* Assignment *
From the first line to the last, copy the listing exactly and omit the images.

[Opening Record excerpts section]

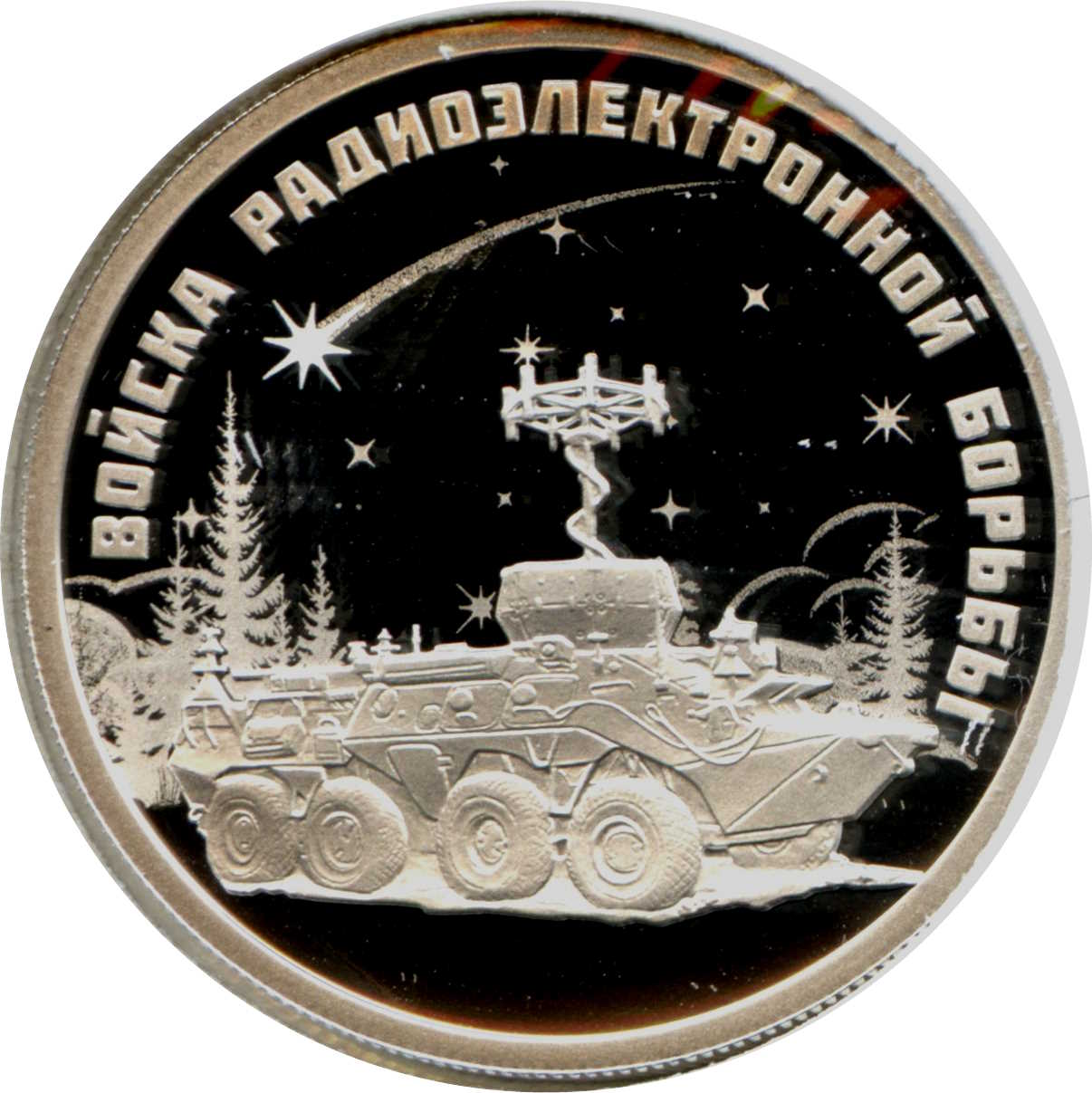 Опис: На дзеркальній поверхні диска зображено рельєфне зображення системи радіоелектронної боротьби «Інфауна» на тлі нічного неба та лісу, оброблене лазером для матового покриття; по верхньому колу розміщено рельєфний напис «ВОЙСКА РАДИОЭЛЕКТРОННОЙ БОРЬБЫ» (ВІЙСЬКА РАДІОЕЛЕКТРОННОЇ БОРОТЬБИ).
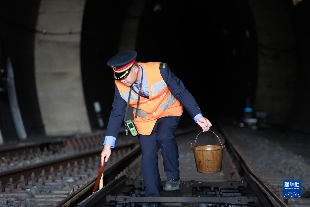 毛忠辉在给道岔刷油养护(1月11日摄)。
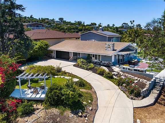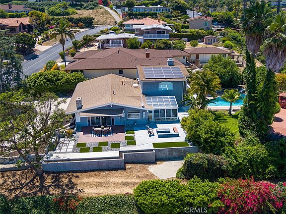Gorgeous estate size view property in Rancho Palos Verdes. The 28,000 sq. ft. lot is nearly 100% usable with spectacular views from the Hollywood sign to the ocean. The 4 bedroom home was meticulously remodeled in 2000. The designer home has a circular driveway, the custom door opens to an open floor plan with family room and fireplace. The kitchen enjoys custom cabinets, new stone counters, stainless appliances and a center Island. The master retreat offers a sitting area with dual-sided fireplace into the lavish granite master bath with spa tub and separate shower. The huge 9' x 11' oak floored walk-in closet is also a spacious dressing room. New wide plank maple floors, and a private balcony take in incredible views. Two additional bathrooms have designer touches. Enjoy little to no electrical bills with the state of the art solar system. The lushly landscaped rear yard has a pool and separate spa, fireplace and numerous sitting areas, and a large deck to take in the views of the city and ocean. Numerous mature fruit trees adorn the grounds including avocado, orange, lemon, grape fruit, and pomegranate. Owner recently installed new flooring and freshly painted the home. This home is in the award winning Palos Verdes School District.
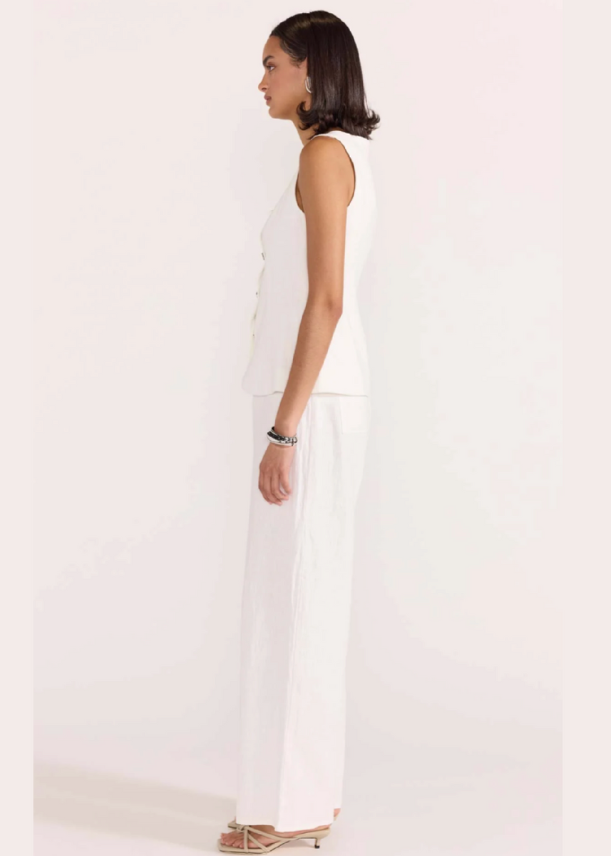 Discover the timeless versatility of our EDEN PANTS - a must-have for any wardrobe. As the temperatures rise, elevate your style with this crisp, white linen blend option. Complete the look with our EDEN VEST, and embellish with jewellery to highlight the elegant buttons. Whether you prefer heels or sandals, these pants are the perfect choice for any occasion.
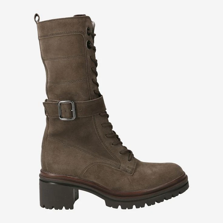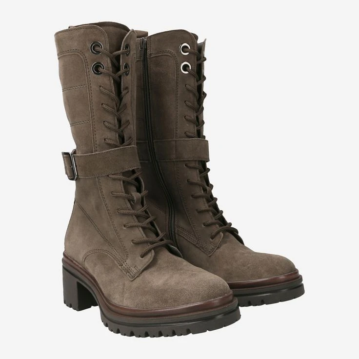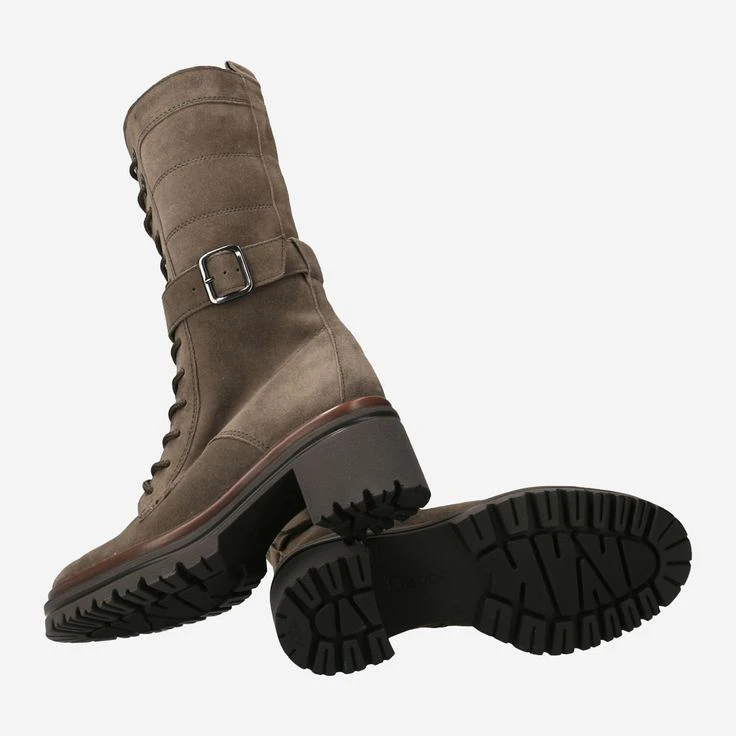 Cozy warm and really rocky is this brown boot from the house of Gabor! The wide block heel, the decorative stitching on the shaft and the leather strap with decorative buckle give this model an authentic look. For all those who love the special exactly the right choice!
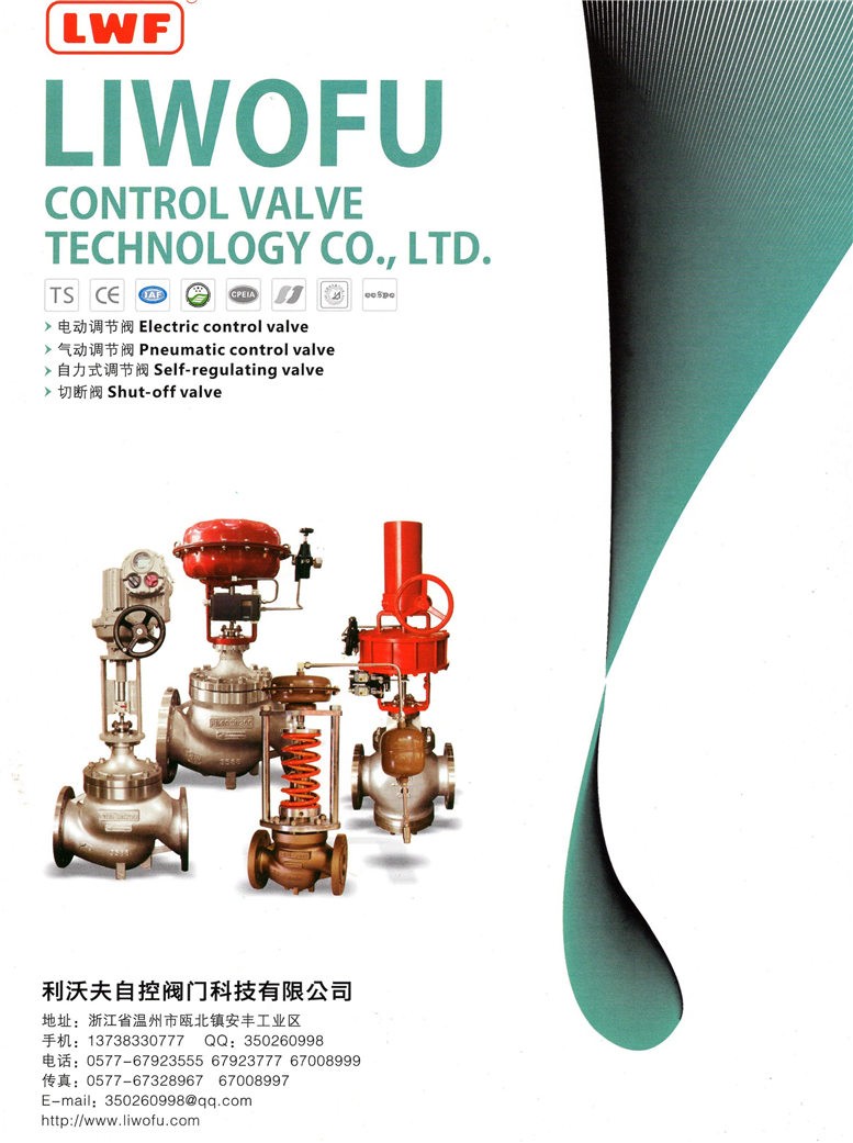 浙江利沃夫自控閥門科技有限公司是一家在自控閥門等領(lǐng)域有著多年生產(chǎn)和服務(wù)經(jīng)驗(yàn)的專業(yè)廠家。產(chǎn)品范圍覆蓋:電子式調(diào)節(jié)閥、自力式調(diào)節(jié)閥、高壓調(diào)節(jié)閥、疏水調(diào)節(jié)閥、特種調(diào)節(jié)閥、套筒調(diào)節(jié)閥、鍋爐給水調(diào)節(jié)閥、氣動薄膜調(diào)節(jié)閥、電動三通調(diào)節(jié)閥、氣動單座調(diào)節(jié)閥、灰水黑水調(diào)節(jié)閥、電動高壓調(diào)節(jié)閥、手動調(diào)節(jié)閥、籠式角閥、單座調(diào)節(jié)閥、自力式微壓調(diào)節(jié)閥、電動單座調(diào)節(jié)閥、電動套筒調(diào)節(jié)閥、減壓閥、氣動隔膜泵,波紋管截止閥,德標(biāo)截止閥,qby氣動隔膜泵,止回閥、柱塞閥、各種襯氟閥門、襯氟調(diào)節(jié)閥等產(chǎn)品,公司總部設(shè)在浙江省永嘉縣甌北安豐工業(yè)區(qū),公司的誠信、實(shí)力和產(chǎn)品質(zhì)量獲得業(yè)界的認(rèn)可。

[Closing Record excerpts section]

* Worked solution *
 Опис: На дзеркальній поверхні диска зображено рельєфне зображення системи радіоелектронної боротьби «Інфауна» на тлі нічного неба та лісу, оброблене лазером для матового покриття; по верхньому колу розміщено рельєфний напис «ВОЙСКА РАДИОЭЛЕКТРОННОЙ БОРЬБЫ» (ВІЙСЬКА РАДІОЕЛЕКТРОННОЇ БОРОТЬБИ).
 毛忠辉在给道岔刷油养护(1月11日摄)。
Gorgeous estate size view property in Rancho Palos Verdes. The 28,000 sq. ft. lot is nearly 100% usable with spectacular views from the Hollywood sign to the ocean. The 4 bedroom home was meticulously remodeled in 2000. The designer home has a circular driveway, the custom door opens to an open floor plan with family room and fireplace. The kitchen enjoys custom cabinets, new stone counters, stainless appliances and a center Island. The master retreat offers a sitting area with dual-sided fireplace into the lavish granite master bath with spa tub and separate shower. The huge 9' x 11' oak floored walk-in closet is also a spacious dressing room. New wide plank maple floors, and a private balcony take in incredible views. Two additional bathrooms have designer touches. Enjoy little to no electrical bills with the state of the art solar system. The lushly landscaped rear yard has a pool and separate spa, fireplace and numerous sitting areas, and a large deck to take in the views of the city and ocean. Numerous mature fruit trees adorn the grounds including avocado, orange, lemon, grape fruit, and pomegranate. Owner recently installed new flooring and freshly painted the home. This home is in the award winning Palos Verdes School District.
 Discover the timeless versatility of our EDEN PANTS - a must-have for any wardrobe. As the temperatures rise, elevate your style with this crisp, white linen blend option. Complete the look with our EDEN VEST, and embellish with jewellery to highlight the elegant buttons. Whether you prefer heels or sandals, these pants are the perfect choice for any occasion.
 Cozy warm and really rocky is this brown boot from the house of Gabor! The wide block heel, the decorative stitching on the shaft and the leather strap with decorative buckle give this model an authentic look. For all those who love the special exactly the right choice!
 浙江利沃夫自控閥門科技有限公司是一家在自控閥門等領(lǐng)域有著多年生產(chǎn)和服務(wù)經(jīng)驗(yàn)的專業(yè)廠家。產(chǎn)品范圍覆蓋:電子式調(diào)節(jié)閥、自力式調(diào)節(jié)閥、高壓調(diào)節(jié)閥、疏水調(diào)節(jié)閥、特種調(diào)節(jié)閥、套筒調(diào)節(jié)閥、鍋爐給水調(diào)節(jié)閥、氣動薄膜調(diào)節(jié)閥、電動三通調(diào)節(jié)閥、氣動單座調(diào)節(jié)閥、灰水黑水調(diào)節(jié)閥、電動高壓調(diào)節(jié)閥、手動調(diào)節(jié)閥、籠式角閥、單座調(diào)節(jié)閥、自力式微壓調(diào)節(jié)閥、電動單座調(diào)節(jié)閥、電動套筒調(diào)節(jié)閥、減壓閥、氣動隔膜泵,波紋管截止閥,德標(biāo)截止閥,qby氣動隔膜泵,止回閥、柱塞閥、各種襯氟閥門、襯氟調(diào)節(jié)閥等產(chǎn)品,公司總部設(shè)在浙江省永嘉縣甌北安豐工業(yè)區(qū),公司的誠信、實(shí)力和產(chǎn)品質(zhì)量獲得業(yè)界的認(rèn)可。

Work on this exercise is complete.